100130] The sealing member 3224 may be constructed from any material suitable for the above-described purposes. As an example, the sealing member 3224 may be constructed from an injection-moldable, deformable or resilient material such as, for
example, a suitable thermoplastic elastomer (TPE). The sealing member 3224 may be adhered or bonded to the inside surface of the top section 3228 of the outer cap 3208 such as with a suitable glue or adhesive. Alternatively, the sealing member 3224 may initially be free-standing prior to installing the closure device 3200 on the container neck 3204. In an example of assembling the closure device 3200, the sealing member 3224 and the closure device 3200 may initially be fabricated separately, followed by the sealing member 3224 being inserted into the closure device 3200. Insertion of the sealing member 3224 into the closure device 3200 may be performed in an automated fashion by operating appropriate production equipment.
[00131] Figure 33 is a cross-sectional view of one example of the sealing member
3224. The cross-sectional area of the sealing member 3224 is defined by a top surface 3304, an inside lateral surface 3308 depending from the top surface 3304, an outside lateral surface 3312 depending from the top surface 3304, and a lower surface 3316. The top surface 3304 is shaped to conform to the inside surface of the top section 3228 of the outer cap 3208 (Figure 32), and thus typically the top surface 3304 is generally flat. The lower surface 3316 is shaped to conform to the contour or shape of the rim of the container neck 3204 (Figure 32). Specifically, the lower surface 3316 is shaped to conform to the shape of the flat section 3216 and the curved section 3220 of the rim (Figure 32). Thus, the lower surface 3316 of the sealing member 3224 may lie in a plane that is non-parallel to the plane of the top surface 3304. Stated in another way, the elevation of the lower surface 3316 relative to the top surface 3304 varies in the radial direction (i.e., from the inside lateral surface 3308 to the outside lateral surface 3312, vice versa). Stated in another way, the thickness or height of the sealing member 3224 in the axial direction between the top surface 3304 and the lower surface 3316 varies in the radial direction. For instance, the lower surface 3316 may be angled or curved relative to the top surface 3304 of the sealing member 3224. It will be noted, however, that because its material is deformable, the lower surface 3316 of the sealing member 3224 does not need to precisely conform to the shape of the rim of the particular container neck 3204 to which the sealing member 3224 is to be applied.

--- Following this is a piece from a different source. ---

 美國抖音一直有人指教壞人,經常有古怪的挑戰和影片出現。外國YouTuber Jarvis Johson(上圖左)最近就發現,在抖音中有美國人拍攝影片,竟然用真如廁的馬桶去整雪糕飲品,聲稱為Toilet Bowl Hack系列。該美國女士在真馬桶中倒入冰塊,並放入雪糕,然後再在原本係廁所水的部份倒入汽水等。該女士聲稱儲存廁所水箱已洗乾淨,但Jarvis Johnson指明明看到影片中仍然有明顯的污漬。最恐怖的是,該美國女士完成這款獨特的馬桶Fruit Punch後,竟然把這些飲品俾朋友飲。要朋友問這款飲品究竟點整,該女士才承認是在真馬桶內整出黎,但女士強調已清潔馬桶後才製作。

[00132] In one implementation, as illustrated in Figure 33, one or more annular grooves or channels 3320 are formed into the sealing member 3224 from the lower surface 3316 such that the lower surface 3316 is in effect segmented into two or more annular feet, columns or ribs 3324. When the sealing member 3224 is compressed, the grooves 3320 may fully or partially close to provide an improved sealing surface. To facilitate providing
an angled or curved lower surface 3316 as described above, one or more ribs 3324 may differ in axial length from one or more other ribs 3324. In the illustrated example, the respective lengths of the ribs 3324 increase in the outward radial direction from the inside lateral surface 3308 to the outside lateral surface 3312, with the innermost rib 3324 being the shortest and the outermost rib 3324 being the longest. The ribs 3324 may increase the ability of the sealing member 3224 to deform and conform to the shapes of the flat section 3216 and the curved section 3220 of the rim, provide a greater area of sealing contact with the flat section 3216 and the curved section 3220, and enhance the compatibility of the sealing member 3224 with different designs of container necks 3204. [00133] Figure 34 is a bottom plan view of the closure device 3200 that includes the sealing member 3224 configured as described above and illustrated in Figures 32 and 33. Figure 34 further illustrates the conformable sealing area provided by the annular ribs 3324 of the sealing member 3224.

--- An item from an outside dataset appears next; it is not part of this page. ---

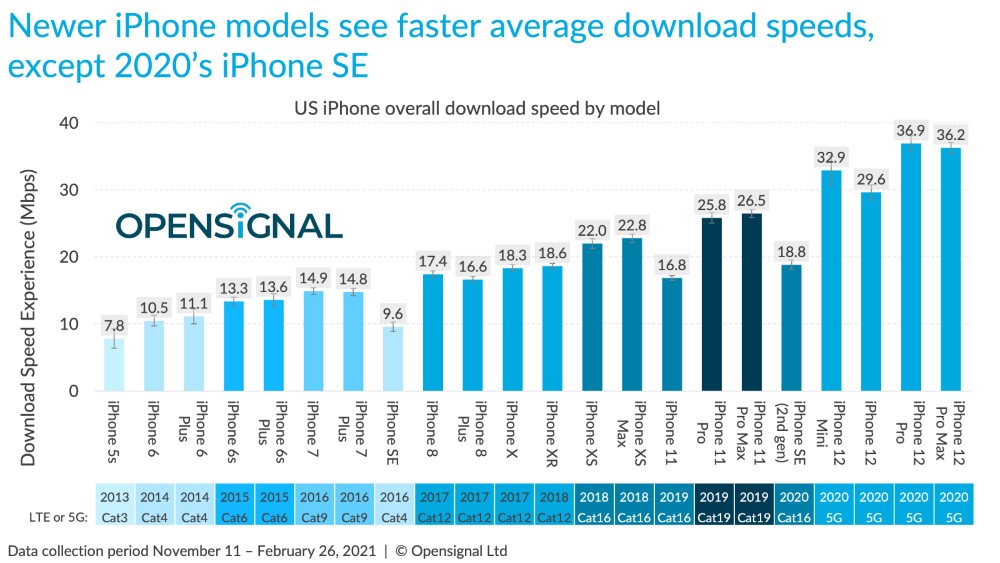 下圖是歷代 iPhone 位於美國的下載速度表現: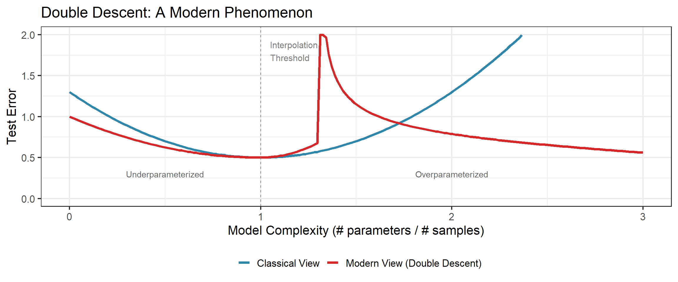 Modern twist: Double descent shows the story is richer than the classical U-curve — stay curious!

[00134] While Figures 32-34 illustrate the sealing member 3224 provided with a two-piece closure device 3200, in other implementations the sealing member 3224 is provided with a one-piece closure device. That is, the provision of the sealing member 3224 does not require the associated closure device to include a plug. [00135] The foregoing description of implementations has been presented for purposes of illustration and description. It is not exhaustive and does not limit the claimed inventions to the precise form disclosed. Modifications and variations are possible in light of the above description or may be acquired from practicing the invention. The claims and their equivalents define the scope of the invention.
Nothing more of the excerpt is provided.